All of this drive has definitely had its benefits, as I said there are times when this self-competition is really helpful. I would not have managed to get a consultant post or tick all the boxes that needed ticking without it. The issue is that how do you stop when it is no longer useful or even harmful?

I’m still working on this one but here are some things that I’ve found useful. The first one being is to listen to the balancing voices. There’s a lot of good in social media but it’s sometimes easy to only hear the things that re-enforce the fact that we should be working harder and doing more. There are other voices out there however that should make you stop and think about whether you can stop and take a break or just do it in a different way altogether, try and pay as much attention to these as the ones that drive you to keep doing what you’re doing.

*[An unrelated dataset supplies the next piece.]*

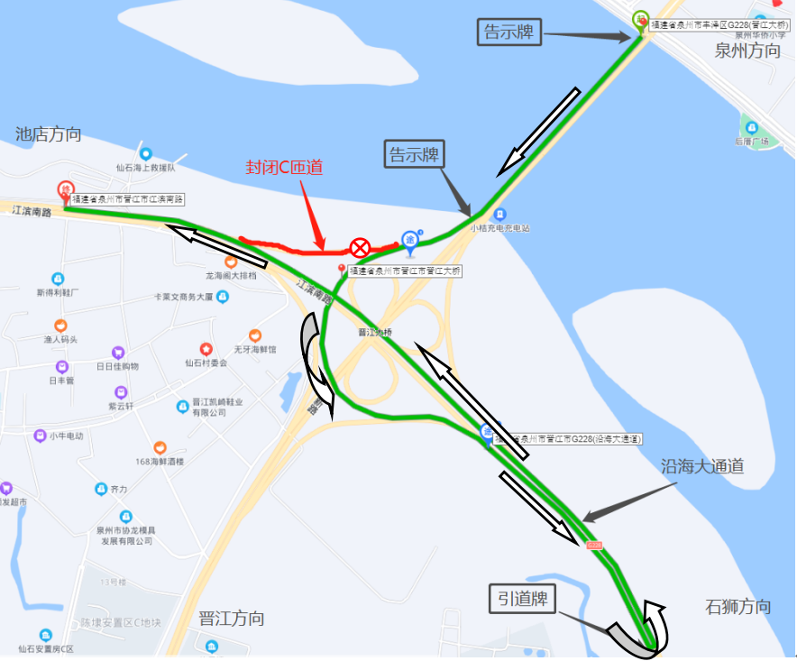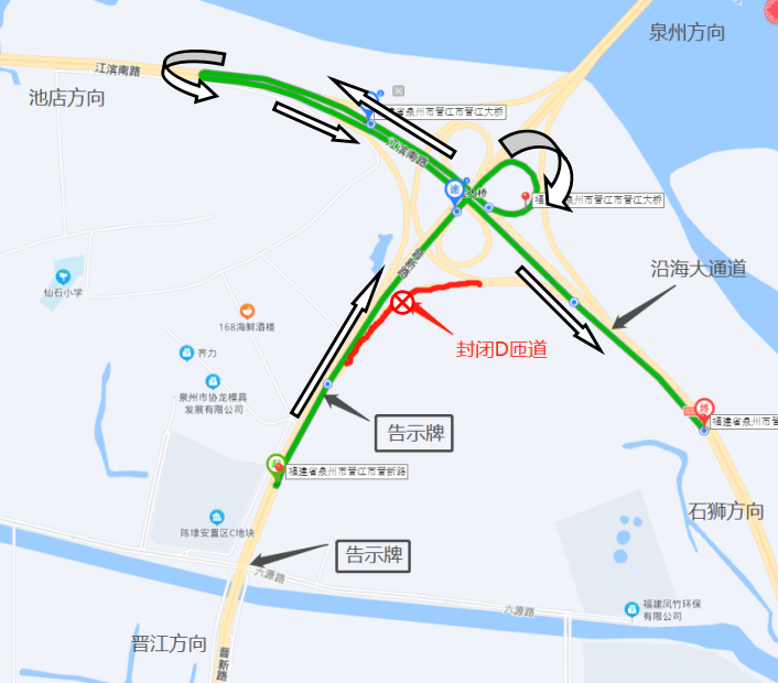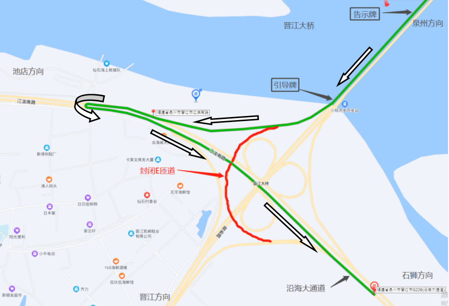 从泉州方向来车往池店方向的,可由滨海立交→沿海大通道(石狮方向)掉头→江滨南路通行。如下图所示:

Think more about who you are listening to when getting face to face advice. The day I broke my arm at least 3 people told me to go to A and E. I knew something wasn’t right but I listened to others that re-enforced my inner voice to keep going. It was my friends and family who were the ones that said to stop, the ones who prioritise me over Dr Cloutman-Green. Do yourself a favour and listen to these people more. Their priority is you, not the roster, not the deadlines and not the work. Amplify their voices in your mind rather than listening to others.

Finally I’m trying to become my own critical friend. If I was giving advice to someone on the situation I find myself in, would I tell them to push on or would I tell them to stop and rest so they can come back stronger? This is definitely a skill and I am definitely at amateur level right now, but I am working on giving myself permission, permission to leave on time, permission to eat lunch and permission to do things I enjoy that have nothing to do with work. I know some of you out there are so much better than I am at this, and as I said, I am a work in progress. I’m trying to remember therefore to enjoy the learning and the journey. Life after all is just a ride.